The careful examination of parental wishes and interests which Black LJ considered important in Re C is not easily accommodated within the confines of the welfare checklist. Neither the likely effect on the child of any change in circumstances nor the capability of the parents really captures what is required in that particular regard. McFarlane LJ recognised this implicitly when he stated in paragraph 50 of Re F that the court’s task was to weigh up all the relevant factors, look at the case as a whole, and determine the course that best met the need to afford paramount consideration to the child’s welfare. One of the relevant factors would be the wishes and interests of each parent. That global holistic evaluation – undertaken within the ambit of all the relevant provisions of s 1 of the Children Act 1989 – has, in my view, proper regard for the Convention rights of both parents and child.
Summary of Background
Both parents were born in Hong Kong but spent substantial and significant periods of their lives outside Hong Kong.
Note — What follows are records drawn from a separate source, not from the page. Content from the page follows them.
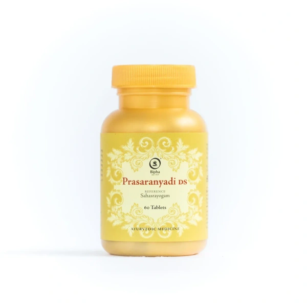 Prasaranyadi DS tablets are prepared from the herbal extracts of Prasaranyadi Kashaya. For DS tablets, the concentration of the Kashaya dose is higher. The preparation of this herbal tablet is mentioned in the Sahasrayogam text in Ayurveda.
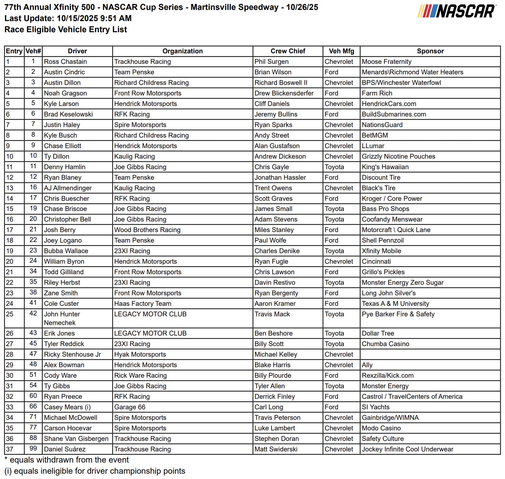 - Denny Hamlin leads all active full-time NASCAR Cup Series drivers in wins at Martinsville, having won his sixth race at the track earlier this season. Despite his winning ways, Hamlin has yet to win a playoff race at Martinsville, with Ryan Blaney as the only driver to win the fall race more than once (2023 and 2024) since the system’s introduction in 2014.
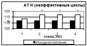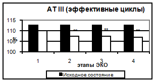 АТ III практически не изменялся на всем протяжении исследования. Отмечалось лишь достоверное снижение активности АТ III (на 5,1%) ко дню введения овуляторной дозы ХГ (пик стимуляции и уровня эстрадиола).
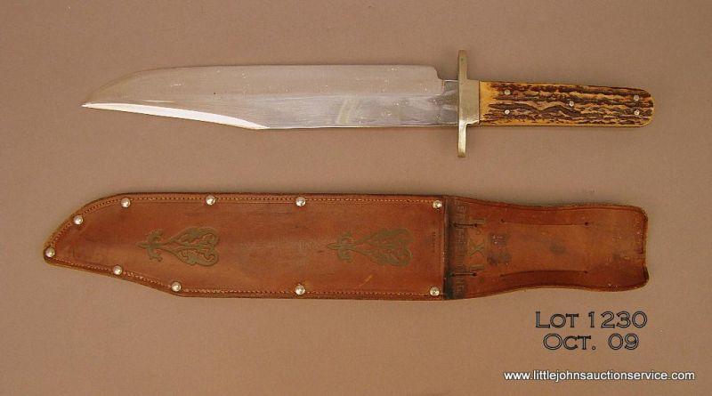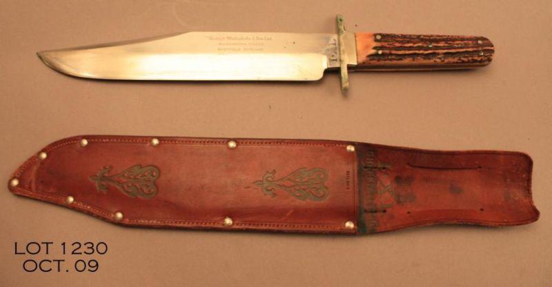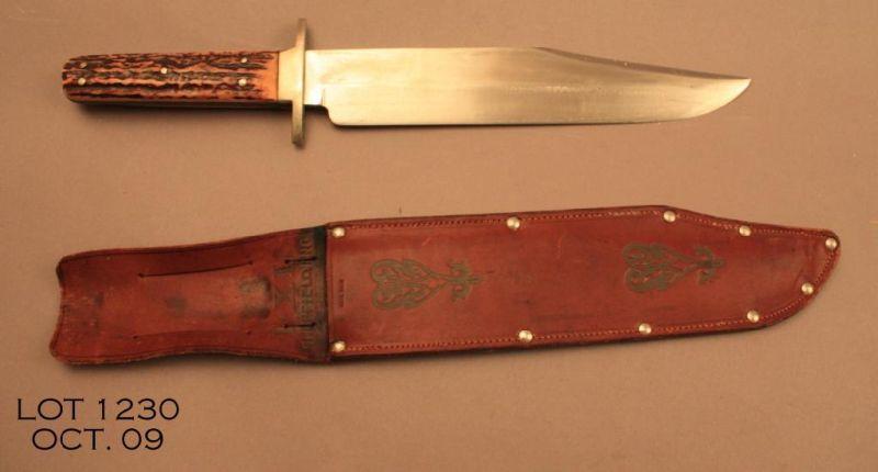 Large clip point bowie knife marked “I*XL” with leather scabbard marked “I*XL, Sheffield, Eng”. The knife is approx. 15” overall with a 10” blade that is also marked “George Wostenholm & Son Ltd., Washington Works, Sheffield England”, in overallvery good condition with thick stag grips that are attached by five pins. The scabbard is in overall very good condition. We would estimate the age of this outfit to be circa 1960’s-1970’s. A really nice massive bowie. Est.: $500-$750.
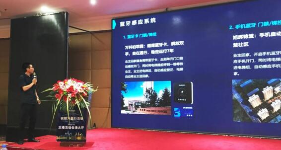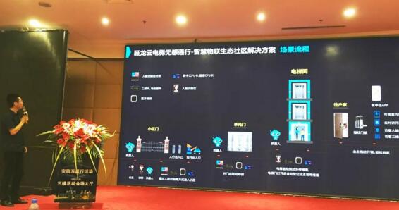 會議上,張鵬先生為大家重點分享了旺龍藍牙--無感通行方案:用戶回家隨身攜帶藍牙卡或打開手機APP,走到單元門口自動感應(yīng)開門,同時將電梯提前呼到一樓等待用戶,用戶進入電梯后,自動感應(yīng)登記,電梯自動將用戶送達目的地樓層。這就意味著用戶從進入小區(qū)到回到家中,全程解放雙手,自在通行。
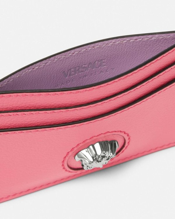 An elegant accessory to accompany your La Medusa bags, this card case is adorned with a three-dimensional Medusa plaque – the same décor that was discovered on the doors of the brand’s first headquarters in Milan.
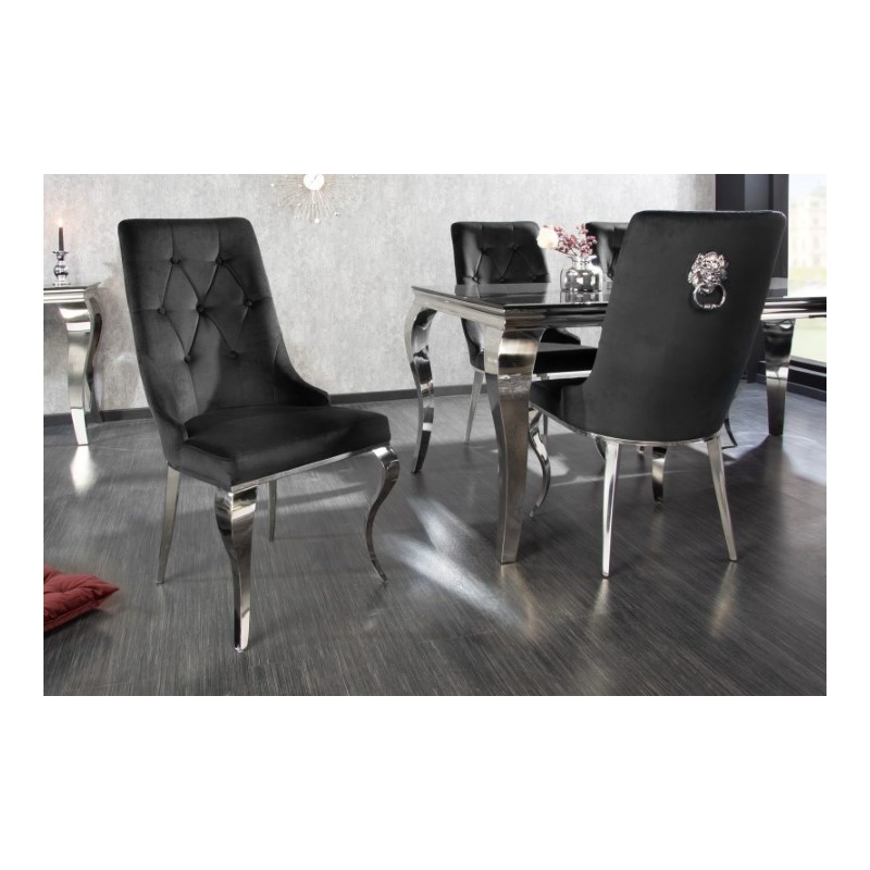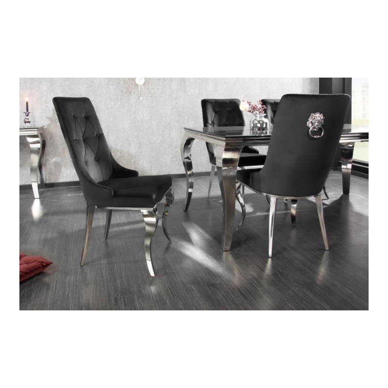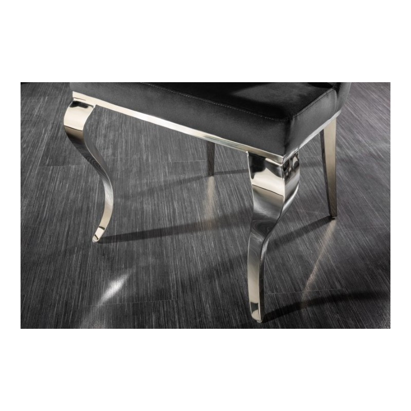 Krzesło Modern Barock to mebel w stylu glamour. Siedzisko wykonane z tkaniny welurowej, przyjemnej dla skóry, natomiast nogi ze stali nierdzewnej. Ozdobne pikowania na oparciu całości nadają eleganckiego barokowego wyglądu.
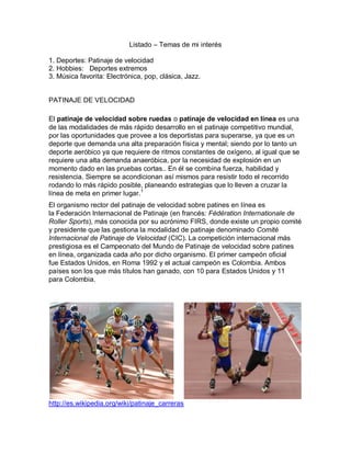 El documento presenta los principales intereses del autor, que incluyen el patinaje de velocidad, los deportes extremos y varios géneros musicales como la electrónica, el pop y la música clásica. Brevemente describe el patinaje de velocidad como un deporte aeróbico y anaeróbico que requiere fuerza, habilidad y resistencia. También define los deportes extremos como actividades que implican cierto riesgo físico y una alta dosis de exigencia mental y física. Finalmente, proporciona definiciones
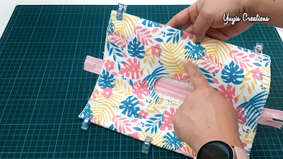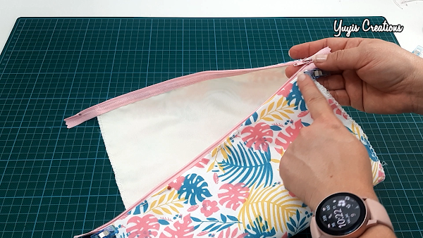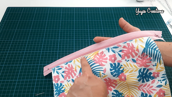 Ahora vamos a pasar un zigzag o sobrehilado por todo el borde para unir ambas piezas en una sola. Luego para poner la cremallera doblamos un lado a medio centímetro o justo por donde hemos sobrehilado, planchamos para que mantenga su forma y ponemos esto encima de la cremallera y cosemos por el borde como te muestro en la imagen de abajo. Y hacemos lo mismo con el otro lado.
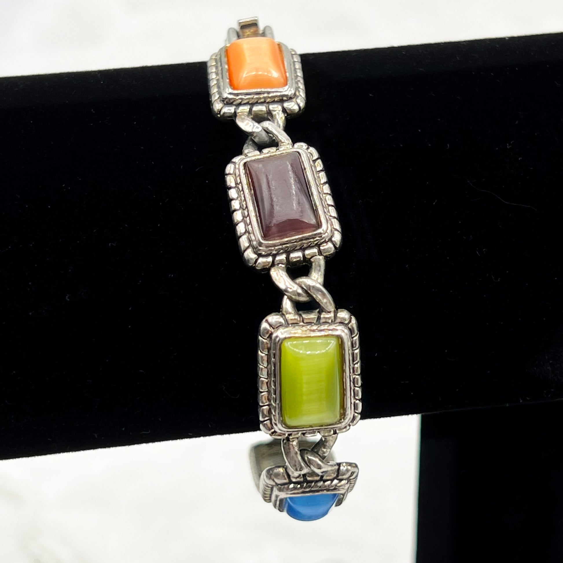 A colorful and classic vintage silver tone bracelet with eight rainbow color Moonglow stones. The cabochon stones are secured in rectangular bezels with a cool braided border
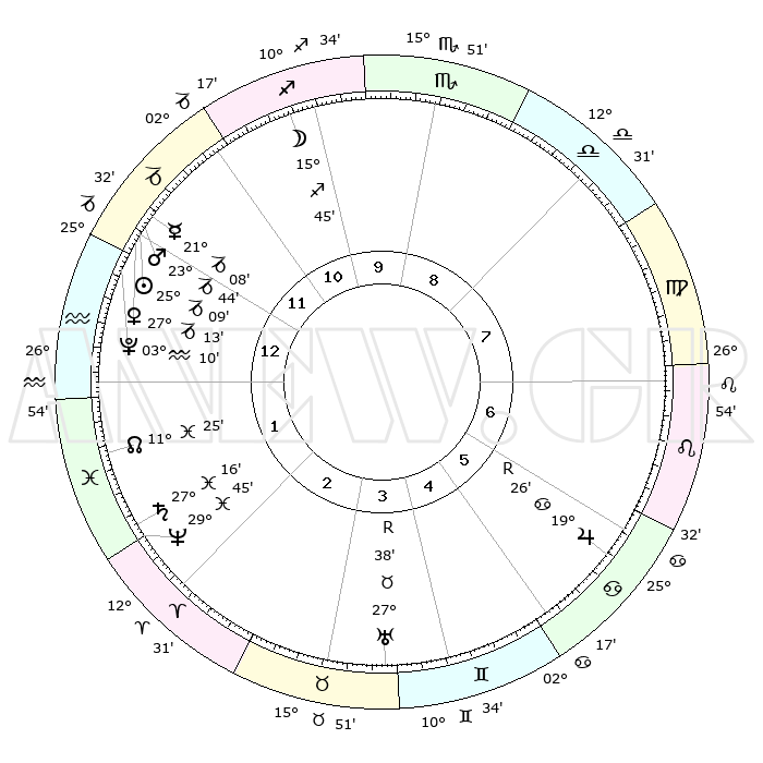 | | ΘΕΣΕΙΣ ΠΛΑΝΗΤΩΝ ΑΣΤΡΟΛΟΓΙΚΟΥ ΧΑΡΤΗ ΤΗΣ ΣΤΙΓΜΗΣ ΑΥΤΗΣ | | | | Πλανήτης | Ζώδιο | Μοίρες | Δεκαήμ. | Σε οίκο | Απόκλιση | | Ακμές των οίκων | | Ηλιος | Αιγόκερως | 25°05' | Τρίτο | 1 | 21 S 07 | | 1ος | 24°37' | Αιγόκερως | | Σελήνη | Τοξότης | 14°56' | Δεύτερο | 11 | 27 S 39 | | 2ος | 07°44' | Ιχθείς | | Ερμής | Αιγόκερως | 21°02' | Τρίτο | 12 | 23 S 34 | | 3ος | 16°57' | Κριός | | Αφροδίτη | Αιγόκερως | 27°08' | Τρίτο | 1 | 21 S 42 | | 4ος | 16°22' | Ταύρος | | Αρης | Αιγόκερως | 23°41' | Τρίτο | 12 | 22 S 19 | | 5ος | 09°34' | Δίδυμοι | | Δίας | Καρκίνος | 19°27'R | Δεύτερο | 6 | 22 N 18 | | 6ος | 00°50' | Καρκίνος | | Κρόνος | Ιχθείς | 27°16' | Τρίτο | 2 | 03 S 07 | | 7ος | 24°37' | Καρκίνος | | Ουρανός | Ταύρος | 27°38'R | Τρίτο | 4 | 19 N 26 | | 8ος | 07°44' | Παρθένος | | Ποσειδώνας | Ιχθείς | 29°44' | Τρίτο | 2 | 01 S 19 | | 9ος | 16°57' | Ζυγός | | Πλούτωνας | Υδροχόος | 03°10' | Πρώτο | 1 | 23 S 08 | | 10ος | 16°22' | Σκορπιός | | Β. Δεσμός | Ιχθείς | 11°25' | Δεύτερο | 2 | 07 S 17 | | 11ος | 09°34' | Τοξότης | | Ωροσκόπος | Αιγόκερως | 24°37' | Τρίτο | | | 12ος | 00°50' | Αιγόκερως | | Μεσουράνημα | Σκορπιός | 16°22' | Δεύτερο | | | |

Now aged 52, the father moved to Canada and then to the USA when he was 14, only returning to Hong Kong when he was 28. Now aged 41, the mother moved to Canada when she was 10 only returning to Hong Kong when she was 26. By virtue of descent, the mother was a UK citizen at birth. Both parents have Canadian citizenship and passports. They met in 2006 and married in December 2008.
X, a little girl, was born in 2012. In 2013 the couple decided to leave Hong Kong and chose to relocate to the UK. The father was granted a visa in 2014 but the move was delayed by the birth of Y, another little girl, in 2015. The family all moved to the UK in June 2016. X was aged three years and Y just over one year at that time.
Initially the family lived in rented accommodation and then looked to buy their own home because their landlord was considering selling the property in which they then lived. The property was purchased in April 2019 in the father’s name. There is a dispute about the involvement of the mother in the purchase of the property.
During their time in the UK, the family lived off the proceeds of sale of various properties which had previously been owned by (or through companies controlled by) the father in Hong Kong. He was trained as an architect but had successfully operated a property investment/portfolio company. Neither parent was employed in the UK.
The couple argued in July 2019, causing the father real concern that the mother would remove the children permanently to Hong Kong without his consent. He made an application for a prohibited steps order on 23 July 2019 and that step marked the beginning of the breakdown of the parents’ relationship. The mother’s reaction was to refuse all contact between the children and their father unless supervised by her. She
moved with the children to a friend’s home on 6 August 2019 and the father moved into the property purchased in his name. It was only with the assistance of court by order on 27 August 2019 that the children were able to enjoy unsupervised contact with their father without the mother’s presence.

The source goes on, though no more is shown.